Thank you again,
Now the dilemma here is that her recently diagnosed health issue very much could have been the initial trigger for this inappropriate elimination. The problem is that if she has been doing this for a month, there is serious concern that her reasons now are just based in habit. Therefore, we are likely facing an uphill battle for her. Of course, we do also have to consider that cats can become aversive to their litter boxes if they do not like their location (either from a negative experience or if they find going into the basement daunting).
With these issues in mind, the first step here would be ensure that you are cleaning any where she has gone thoroughly. To do so, I would advise using an enzymatic odor neutralizing cleaner (ie Nature's Miracle, Fizzion) wherever she has gone because while normal cleaners will eliminate the smell to us, she may still be able to smell her own scent and thus choose to go there again. And this is something we really need to remove here since that would just re-establish her going out of the box out of habit. And just to note, if you want to find all the places she has gone, I would note that cat urine does glow under black light and this can help you find all the sites that need to be addressed.

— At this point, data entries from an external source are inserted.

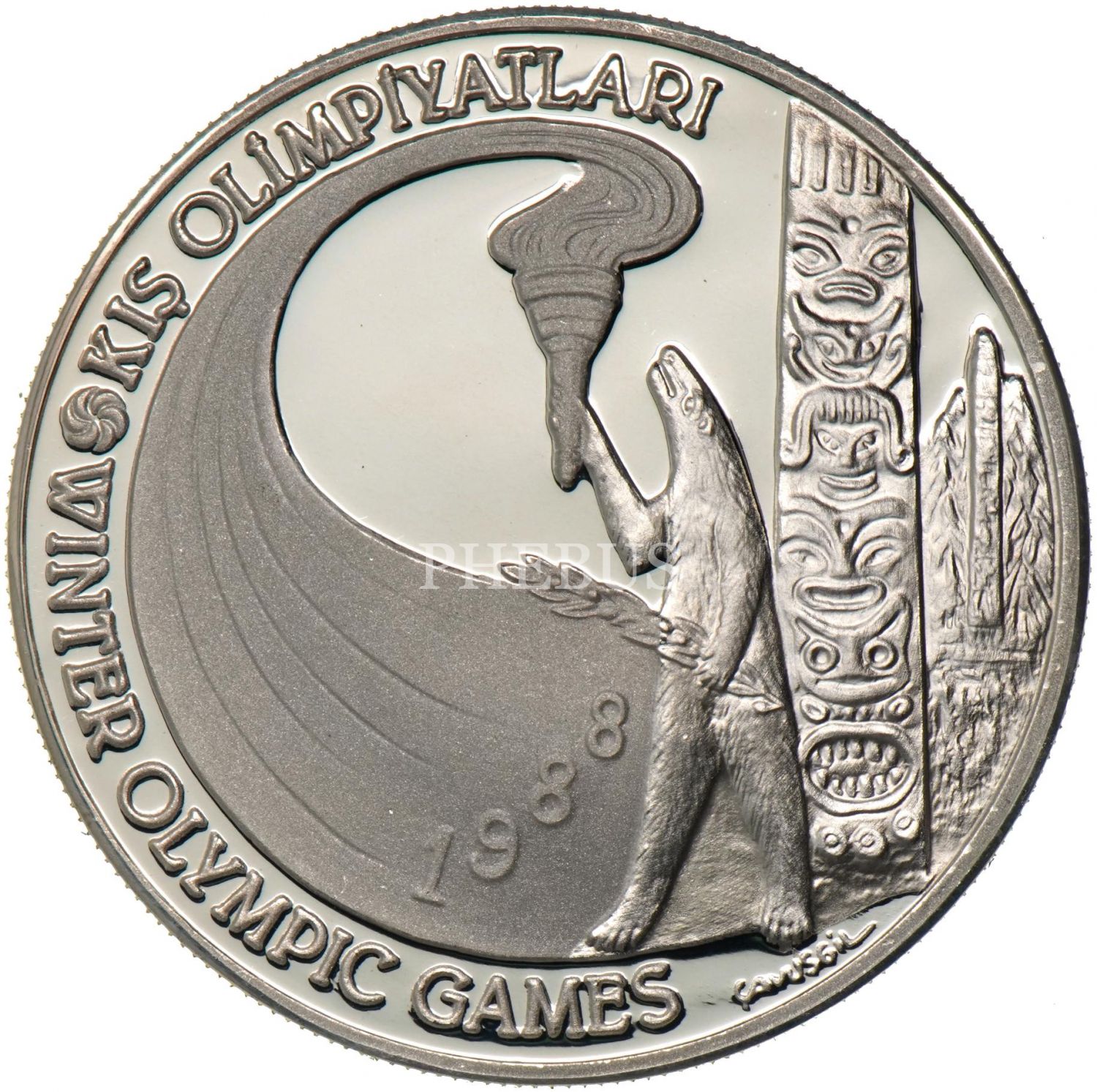 1988 Kanada Calgary Kış Olimpiyatları 10.000 Lira (23,51gr 925 ayar, proof gümüş) TR#H121 - Zamanında Darphane tarafından sertifikasız olarak piyasaya verilmiştir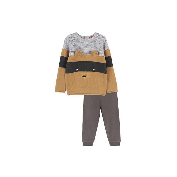 Детский комплект включает свитер и утепленные брючки. Свитерок выполнен в пастельных тонах с аппликациями в виде ушек, глазок и носика мишки. Удачное сочетание оттенков и модный покрой — отличительные качества одежды для детей. Костюм сделан из хлопка с добавлением нейлона. Хорошо сидит по фигуре мальчика любой комплекции, подходит под спортивную обувь. Брюки держатся внизу на резинке, мальчишкам тепло и уютно в костюме, ничто не сковывает их движения. В нем можно пойти на прогулку, надеть в поездку.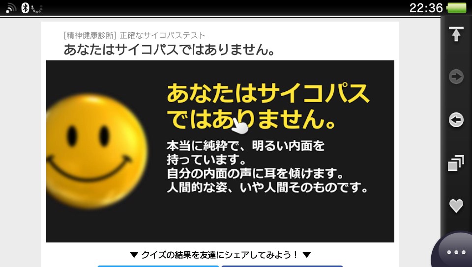 やったよ母ちゃん、俺ついにサイトからもサイコパス認定されなくなったよ!;)

Otherwise, at her age, arthritis would be another concern that could still play a role even with her current diagnosis and treatment. And I would note that age associated arthritis often does manifest in this manner. Cats, unlike dogs, go to great lengths to modify their lives around avoiding things that cause them discomfort. Where a dog will run on a sore leg until she can’t use it, a cat will just decrease doing the things that are causing the pain. It is wise for the cat, harder for us to pick up when there is a problem.
Unfortunately, in cats with pain derived litter box issues, trips to the litter box aren’t something that can be skipped. So no matter how much discomfort it can cause, life demands that a cat not stop using the toilet. And in these cases, this behavior is often related to
discomfort in the back, hips, and back legs. And again it is possible that if this is mild at this point, than these litter box signs might be our only hints and the only time we can appreciate that she isn’t 100%. And it is understandable, because if you imagine, toileting requires significant forces on the body, which they do while balancing on pebble like litter, while standing on two feet. Often in cats with back pain or arthritis, this can be a bit much. And this is when they just decide that it is easier to go outside the box (often choosing a substrate that they can get better grip on like carpets or hard floors are free of the pebble like texture that litter has). For some cats this will then become an all the time occurrence, while others will just do it intermittently (when they can't be asked to deal with the box). The problem is the more they do it, the more likely they are to continue to do so as it goes from being a lapse to a habit.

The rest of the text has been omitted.